Gastvortrag am 29.09.2021, 18:00 c.t.

16. September 2021

Gastvortrag von Prof. Dr. Geert Keil (Humboldt-Universität zu Berlin) am Mittwoch, 29.09.2021, 18:00 c.t., HS 1010, KG I, Platz der Universität 3, 79098 Freiburg
– in Kooperation mit dem Institut für Staatswissenschaft & Rechtsphilosophie der Universität Freiburg –

In einem Leiturteil zum Beweismaß hat der BGH 1970 ausgeführt, dass für die richterliche Überzeugung ein »Grad von Gewissheit« gefordert sei, der unterhalb einer »von allen Zweifeln freien Überzeugung« liegen mag, aber über eine bloß »an Sicherheit gren­zen­de Wahrscheinlichkeit« hinausgeht. Ersteres fordere das Beweisrecht nicht, Letzteres reiche nicht aus (BGHZ 53, 245 ff.).
Aus erkenntnistheoretischer Sicht ist klärungsbedürftig, ob in diesen engen Korridor noch ein doxastischer Zustand hin­einpasst. Im BGH-Urteil ist von der »Überzeugung«, der »Wahrheit einer Behauptung« und dem erforderlichen »Grad an Gewissheit«, die Rede, aber der Begriff des Wissens, in dem diese Elemente zusammenfließen und aufeinander bezo­gen werden, wird vermieden. In der Erkenntnistheorie ist umstritten, ob die unaufhebbare menschliche Fehlbarkeit mit der An­nahme zusammenpasst, dass Menschen Wissen erlangen können. Der Vortrag skizziert die Grundzüge eines falli­bi­lis­ti­schen Wissensbegriffs und vergleicht die Heraus­for­derung, einen angemessenen Korridor für das Beweismaß zu spezi­fi­zie­ren, mit der erkenntnistheoretischen Heraus­for­derung, die menschliche Irrtumsanfälligkeit mit dem Wissens­anspruch zu vereinbaren.

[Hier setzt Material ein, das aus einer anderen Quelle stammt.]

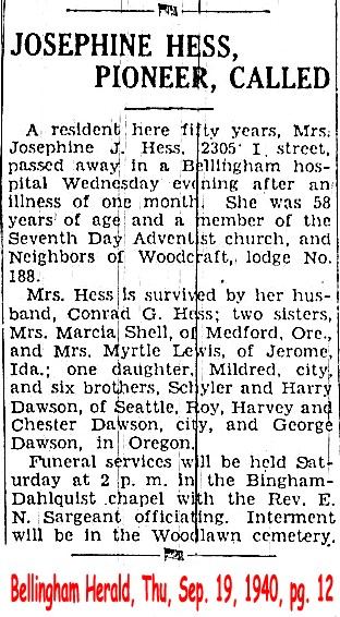 (From The Bellingham Herald, March 15, 1907)HESS, Josephine J. (d. 1940)

Geert Keil ist Professor für Philosophie an der Humboldt-Universität zu Berlin und gegenwärtig Präsident der Gesell­schaft für Analy­ti­sche Philosophie (GAP). Seine jüngste Buchpublikation zur Erkenntnistheorie Wenn ich mich nicht irre. Ein Versuch über die menschliche Fehlbarkeit erschien 2019 im Reclam-Verlag (Stuttgart). Gemeinsam mit Ralf Poscher hat er die Bände Vagueness and Law. Philosophical and Legal Perspectives (Oxford University Press 2016) und Unscharfe Grenzen im Technik- und Umweltrecht (Nomos 2012) herausgegeben.


Der Vortrag wird von einer ausführlichen Powerpoint-Präsentation in englischer Sprache begleitet.